Simon & Schuster has been sold for $1.62bn (£1.27bn) to a private equity firm – just months after a takeover bid by rival Penguin Random House was blocked.
New owner KKR said the company, one of the so-called “big five” English language book publishers worldwide, would continue to operate as a standalone entity and vowed that its independence would be protected.
The deal must be approved by regulators, but commentators believe it is unlikely there will be any objections.
Simon & Schuster’s writers include horror author Stephen King and journalist Bob Woodward. It is also preparing for the high-profile releases of Britney Spears’ memoir The Woman In Me and Walter Isaacson’s biography of Elon Musk later this year.

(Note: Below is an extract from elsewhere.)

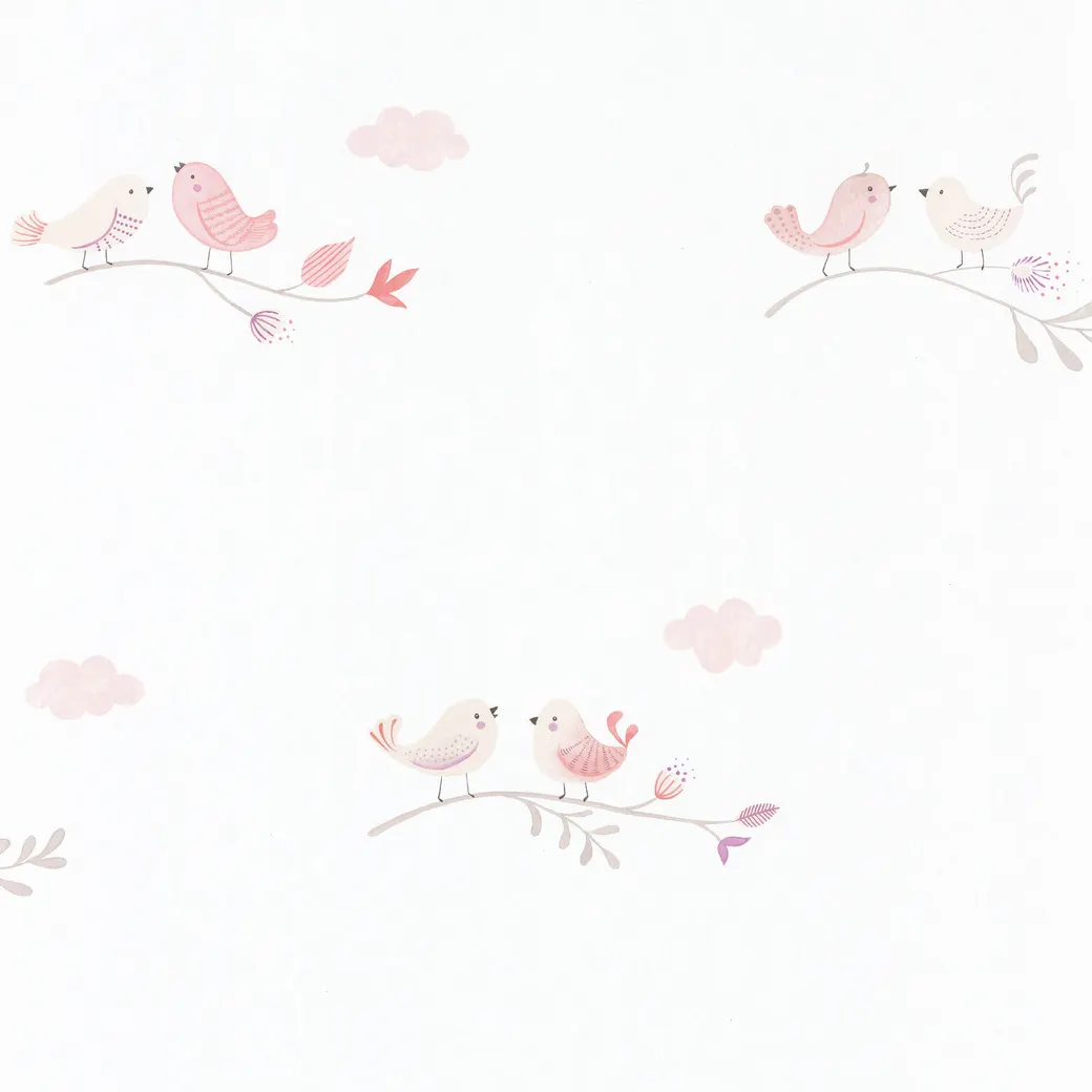 Обои детские Casadeco Rose Nino 85584298 Винил на флизелине (0,53*10,05) Белый/Розовый, Птицы

It comes after Penguin Random House, which is owned by German media giant Bertelsmann, announced in November 2020 that it planned to buy Simon & Schuster for £1.9bn.
However US federal judge Florence Pan blocked the deal in October 2022 on the grounds less competition for big-selling books would hurt the authors’ earnings. It came after the US Department of Justice filed a lawsuit in 2021 in an attempt to halt the takeover.
There had also been criticism over the deal from many in the publishing world – including from Simon & Schuster’s own author Mr King, who testified that consolidating the industry would be bad for competition.
Despite the courtroom loss, Simon & Schuster’s parent company, entertainment giant Paramount, continued to look for a buyer. It is expected to spend the proceeds of the sale on paying off debt.
The company on Monday reported losses of $424m (£332m) for the three months leading up to June 30.
Simon & Schuster CEO Jonathan Karp, who will continue in his role under the new owners, said he was “delighted”.
“We will remain an independent company and not only will we continue to thrive, but with the help of KKR we can become even greater,” he added.
Richard Sarnoff, chair of media at KKR, said: “We’re not going to tell them what to buy, what to publish or what not to publish.
“There’s a 99-year legacy of editorial independence that we’re going to protect.”
Simon & Schuster, which will celebrate its centenary next year, has reported strong sales in the past two years.
KKR said there were no plans for any job losses – and instead hoped to expand the publisher’s reach internationally.
Mr Sarnoff added that KKR could run Simon & Schuster for around five to seven years before selling it on, but said no firm timeline had been decided yet.